Middle School Teaches Conflict Resolution
Oh, the conflicts… far too many to count in middle school. Like that kid in class who always uses your pen without permission or that one kid who always cuts in front of you in the cafeteria line. Do you avoid or accommodate or cave into the situation? No… you learn how to handle it, one stumbling step at a time. Like it or not, those situations are teaching you valuable lessons.
Each day provides an opportunity to work on communicating your side of the story, to stand up for yourself, and look at the other person’s side empathetically. The conflict may not resolve itself every time, but that’s okay because the chance to learn and grow from it is there. And, those are skills that will carry you through life.

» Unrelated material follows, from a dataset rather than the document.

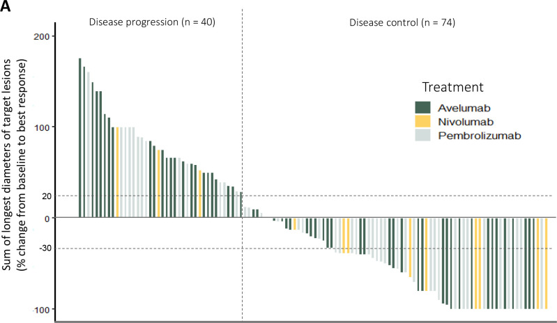 Methods: The present multicenter retrospective study investigated clinical and molecular characteristics in 114 patients with unresectable MCC at baseline before treatment with ICI for their association with therapy response (best overall response, BOR). In a subset of 21 patients, pretreatment tumor tissue was analyzed for activation, differentiation and spatial distribution of tumor infiltrating lymphocytes (TIL).

Note: bullying is a form of conflict that is never okay. You should always talk to your parent, a teacher, or a trusted adult about bullying and be involved with your school to create and promote a safe environment for everyone.
Middle School Teaches Self-Acceptance
I still remember when a boy made fun of my butt in 8th grade, taunting me that it was flat compared to the other girls. But the truth? My less-than-curvaceous derriere didn’t bother me. It still doesn’t, even in a Kim Kardashian world.

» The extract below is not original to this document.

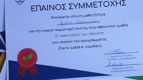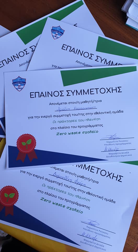 Έπαινο για την ενεργό συμμετοχή τους στην ομάδα «Οι πράκτορες του πλανήτη» παρέλαβαν όλοι οι μαθητές των Εκπαιδευτηρίων Δελασάλ Σύρου που τα δύο προηγούμενα χρόνια συνεργάστηκαν και υιοθέτησαν «πράσινες» συνήθειες, ακολουθώντας τα βήματα για ένα zero waste σχολείο.
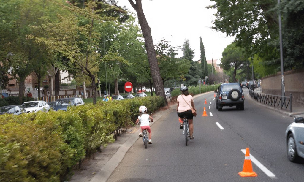 2. Creación de corredores ciclistas. La eficiencia de la bicicleta pasa necesariamente por crear trayectos exentos de rodeos y con el menor desnivel posible. En este sentido, son las grandes avenidas las más eficientes pero que, aun estando hoy por hoy vacías, son un elemento de riesgo por las mayores velocidades de los motorizados y la velocidad comercial del transporte público. Habilitar los carriles bus para uso ciclista exclusivo, aprovechando la bajísima ocupación actual y/o crear carriles bici temporales a partir de elementos sencillos y fácilmente retornables como pintura, jardineras, conos, etc. puede ayudar a que los traslados en bicicleta se hagan con la seguridad necesaria.

Middle school might shake your confidence to the core, but somewhere along the way you learn to accept yourself.
You eventually figure out the reality that no one is perfect. Everyone has strengths and weaknesses, everyone has flaws, and even though you may have qualities or characteristics that are different from everyone else, they’re all yours and that’s what makes them (and YOU) special and unique. Middle school is when you begin to realize that you get to decide what you like or accept about yourself, regardless of what others think.
Middle School Shows You What a True Friend Looks Like
Like a fast-moving revolving door, middle school friendships can make you somewhat dizzy. One minute your bestie from elementary school is dropping you like a hot potato to hang with what she calls, “The cool group,” and the next you’re connecting with a new kid in your social studies class and they become your new bestie.

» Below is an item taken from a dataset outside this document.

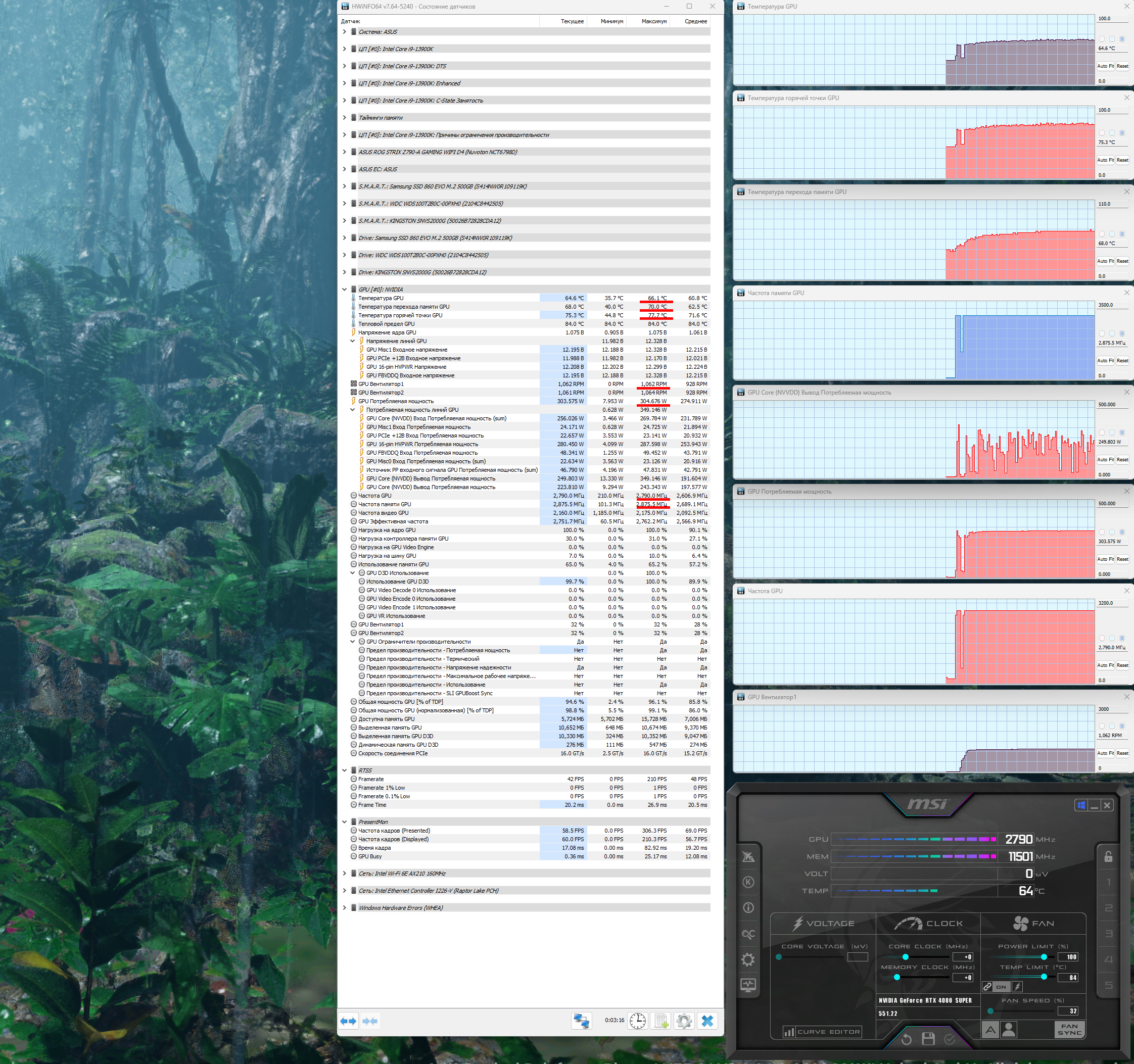 При ручном разгоне параметры нагрева и шума менялись мало (66/66 °С), но максимальное потребление выросло до 328 Вт (пиковое 349 Вт), прибавилось 5,5% производительности, при этом температура самой горячей точки ГП (hot spot) составляла 79 °C.

You might have to brace yourself for a bumpy “friendship” ride, but that same rocky ride will teach you a thing or two about being a good friend. It will teach you what a good friend truly looks like, that you deserve friends that treat you well and encourage you rather than tear you down, and why you should take it in stride when certain friendships don’t weather the test of time. It’s all part of life and the invaluable lessons you need to face this world head-on.
So as my daughter heads towards a new adventure in middle school, I will be there to remind her that the lessons and experiences of middle school, although they may be hard, uncomfortable or downright awkward, will mold her, not crush her.
It will teach her to become resilient, embrace change, deal with conflict, and learn what makes a true friend. Mostly, it will help her to turn that confidence corner slowly and learn to accept and love herself just the way she is.